**RECORDS PROVIDED**
───
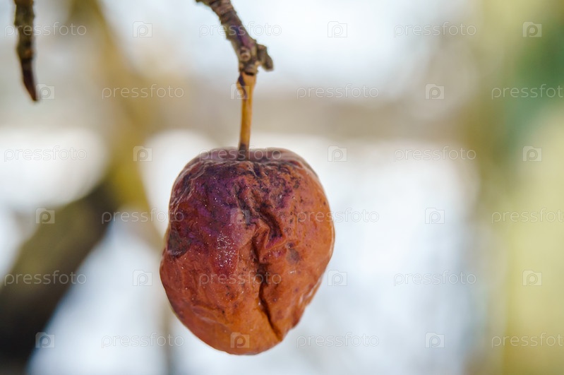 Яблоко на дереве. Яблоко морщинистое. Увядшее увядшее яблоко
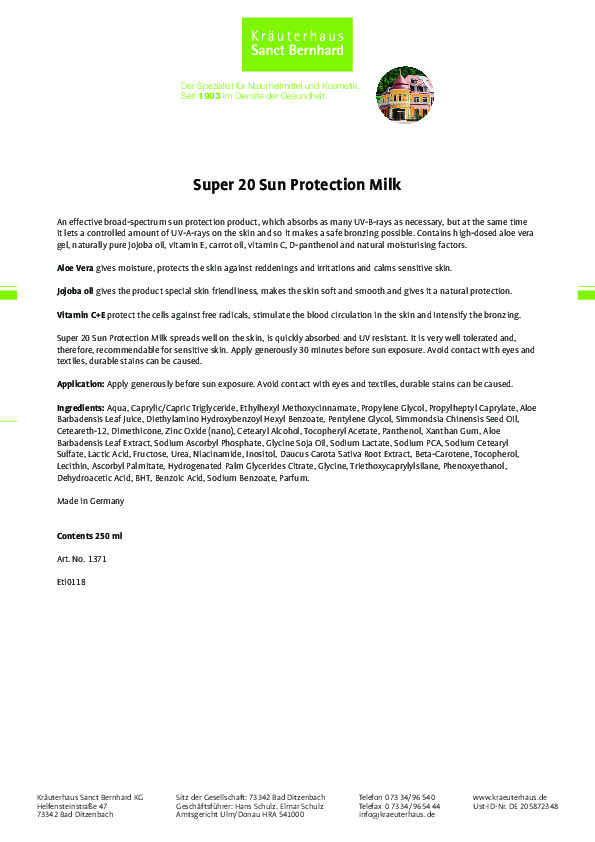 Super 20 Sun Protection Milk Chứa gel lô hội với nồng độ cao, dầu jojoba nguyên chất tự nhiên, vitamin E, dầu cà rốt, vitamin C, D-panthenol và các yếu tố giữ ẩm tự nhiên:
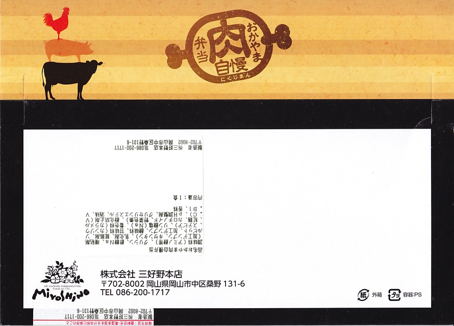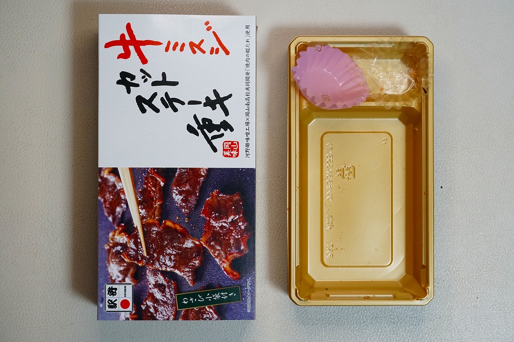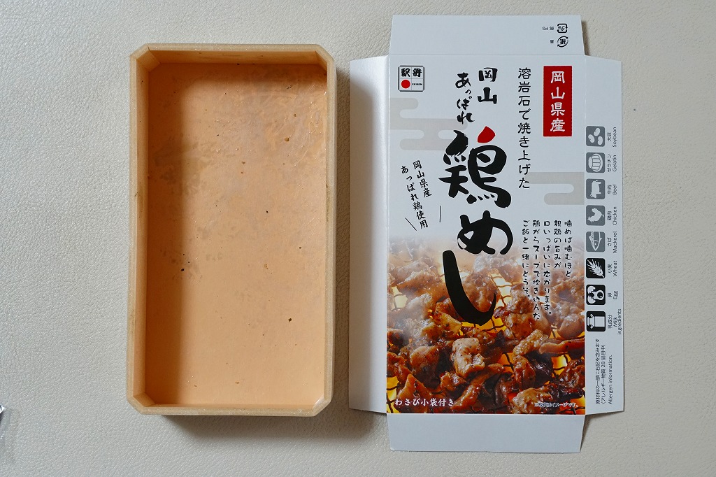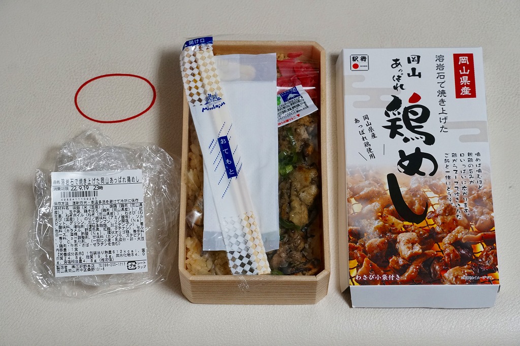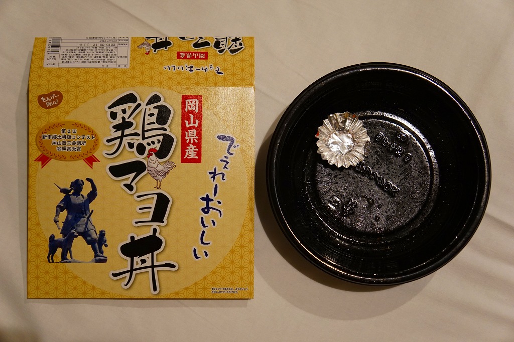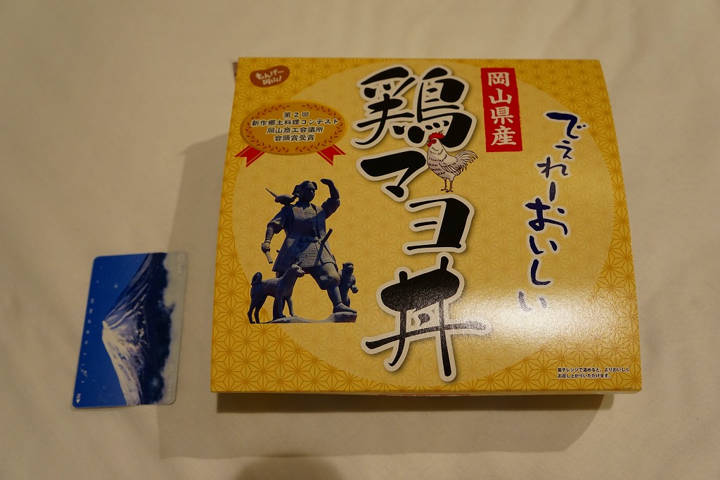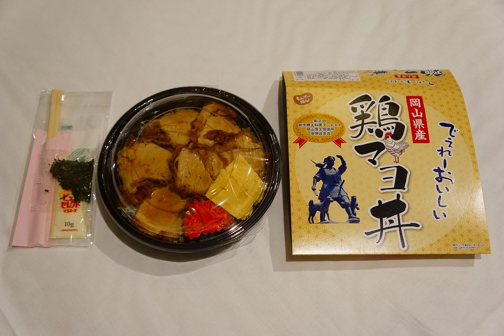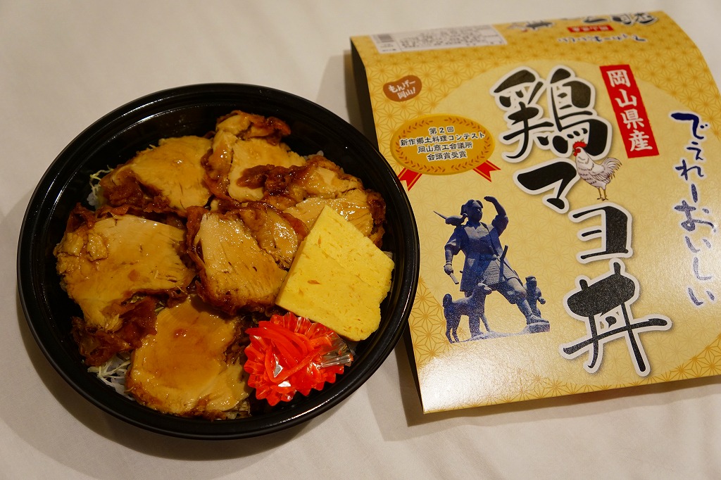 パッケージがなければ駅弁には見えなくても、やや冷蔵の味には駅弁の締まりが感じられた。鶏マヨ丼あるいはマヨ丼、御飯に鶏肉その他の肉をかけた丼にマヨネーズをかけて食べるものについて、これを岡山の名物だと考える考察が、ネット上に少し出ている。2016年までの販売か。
───
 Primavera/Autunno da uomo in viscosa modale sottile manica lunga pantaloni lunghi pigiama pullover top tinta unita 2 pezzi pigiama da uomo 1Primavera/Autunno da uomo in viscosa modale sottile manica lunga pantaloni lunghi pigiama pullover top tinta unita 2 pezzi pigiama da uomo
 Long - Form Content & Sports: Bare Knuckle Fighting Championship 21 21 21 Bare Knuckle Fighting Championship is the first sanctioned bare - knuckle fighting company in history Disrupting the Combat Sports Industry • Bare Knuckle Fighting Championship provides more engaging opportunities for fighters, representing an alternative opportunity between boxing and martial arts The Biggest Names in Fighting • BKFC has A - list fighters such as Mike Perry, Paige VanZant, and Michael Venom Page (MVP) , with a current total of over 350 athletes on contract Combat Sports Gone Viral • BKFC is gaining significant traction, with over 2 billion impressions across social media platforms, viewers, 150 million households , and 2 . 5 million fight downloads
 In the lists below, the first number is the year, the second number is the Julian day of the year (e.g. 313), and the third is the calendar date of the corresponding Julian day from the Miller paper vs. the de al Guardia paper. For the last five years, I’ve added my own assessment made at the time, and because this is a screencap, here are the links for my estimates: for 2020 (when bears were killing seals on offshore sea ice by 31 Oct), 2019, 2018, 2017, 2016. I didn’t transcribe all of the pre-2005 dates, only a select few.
───
**WHAT IS EXPECTED**
Could you repeat, exactly, only the lines above starting at the one that has "Super 20 Sun" and stopping after the one that has "パッケージがなければ駅弁には", without the pictures?

**TASK ANSWER**
 Super 20 Sun Protection Milk Chứa gel lô hội với nồng độ cao, dầu jojoba nguyên chất tự nhiên, vitamin E, dầu cà rốt, vitamin C, D-panthenol và các yếu tố giữ ẩm tự nhiên:
 パッケージがなければ駅弁には見えなくても、やや冷蔵の味には駅弁の締まりが感じられた。鶏マヨ丼あるいはマヨ丼、御飯に鶏肉その他の肉をかけた丼にマヨネーズをかけて食べるものについて、これを岡山の名物だと考える考察が、ネット上に少し出ている。2016年までの販売か。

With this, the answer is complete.